**Assigned task:** Look in the data below for the line that contains "أصدر المهندس طارق". Copy that line and the remaining lines exactly.

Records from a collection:
------

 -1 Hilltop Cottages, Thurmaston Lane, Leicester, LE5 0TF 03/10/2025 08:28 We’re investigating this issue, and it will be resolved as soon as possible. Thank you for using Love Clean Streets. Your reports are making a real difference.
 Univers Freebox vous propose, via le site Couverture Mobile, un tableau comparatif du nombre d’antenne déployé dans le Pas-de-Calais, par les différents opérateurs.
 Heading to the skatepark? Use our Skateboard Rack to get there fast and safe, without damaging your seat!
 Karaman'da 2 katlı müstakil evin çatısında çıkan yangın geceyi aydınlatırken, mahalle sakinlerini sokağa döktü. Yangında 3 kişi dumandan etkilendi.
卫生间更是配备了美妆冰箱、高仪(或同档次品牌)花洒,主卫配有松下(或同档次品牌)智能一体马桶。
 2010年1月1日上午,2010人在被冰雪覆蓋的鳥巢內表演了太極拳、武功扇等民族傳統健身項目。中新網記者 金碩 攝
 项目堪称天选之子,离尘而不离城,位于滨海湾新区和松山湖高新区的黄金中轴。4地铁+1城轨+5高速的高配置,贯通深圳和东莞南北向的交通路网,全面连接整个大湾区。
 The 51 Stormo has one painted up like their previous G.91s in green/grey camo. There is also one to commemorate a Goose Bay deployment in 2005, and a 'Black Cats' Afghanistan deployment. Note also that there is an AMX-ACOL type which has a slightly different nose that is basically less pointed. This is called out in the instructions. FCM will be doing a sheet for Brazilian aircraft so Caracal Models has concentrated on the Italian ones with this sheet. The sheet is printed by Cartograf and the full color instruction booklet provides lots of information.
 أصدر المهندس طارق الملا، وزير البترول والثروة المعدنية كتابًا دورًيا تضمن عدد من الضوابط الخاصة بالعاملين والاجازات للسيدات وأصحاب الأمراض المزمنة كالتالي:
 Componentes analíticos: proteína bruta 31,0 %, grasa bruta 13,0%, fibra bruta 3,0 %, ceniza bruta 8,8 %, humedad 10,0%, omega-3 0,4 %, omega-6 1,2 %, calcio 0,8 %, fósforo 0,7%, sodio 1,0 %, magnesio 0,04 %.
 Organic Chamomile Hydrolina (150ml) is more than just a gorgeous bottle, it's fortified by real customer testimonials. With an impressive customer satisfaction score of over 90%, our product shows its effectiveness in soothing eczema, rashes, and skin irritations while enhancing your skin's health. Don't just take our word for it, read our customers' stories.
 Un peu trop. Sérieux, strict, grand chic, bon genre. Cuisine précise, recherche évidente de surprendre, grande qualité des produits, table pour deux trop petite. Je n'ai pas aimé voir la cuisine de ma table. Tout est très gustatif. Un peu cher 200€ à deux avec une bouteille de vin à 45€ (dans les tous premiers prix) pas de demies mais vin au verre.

------

**Task output:**
 أصدر المهندس طارق الملا، وزير البترول والثروة المعدنية كتابًا دورًيا تضمن عدد من الضوابط الخاصة بالعاملين والاجازات للسيدات وأصحاب الأمراض المزمنة كالتالي:
 Componentes analíticos: proteína bruta 31,0 %, grasa bruta 13,0%, fibra bruta 3,0 %, ceniza bruta 8,8 %, humedad 10,0%, omega-3 0,4 %, omega-6 1,2 %, calcio 0,8 %, fósforo 0,7%, sodio 1,0 %, magnesio 0,04 %.
 Organic Chamomile Hydrolina (150ml) is more than just a gorgeous bottle, it's fortified by real customer testimonials. With an impressive customer satisfaction score of over 90%, our product shows its effectiveness in soothing eczema, rashes, and skin irritations while enhancing your skin's health. Don't just take our word for it, read our customers' stories.
 Un peu trop. Sérieux, strict, grand chic, bon genre. Cuisine précise, recherche évidente de surprendre, grande qualité des produits, table pour deux trop petite. Je n'ai pas aimé voir la cuisine de ma table. Tout est très gustatif. Un peu cher 200€ à deux avec une bouteille de vin à 45€ (dans les tous premiers prix) pas de demies mais vin au verre.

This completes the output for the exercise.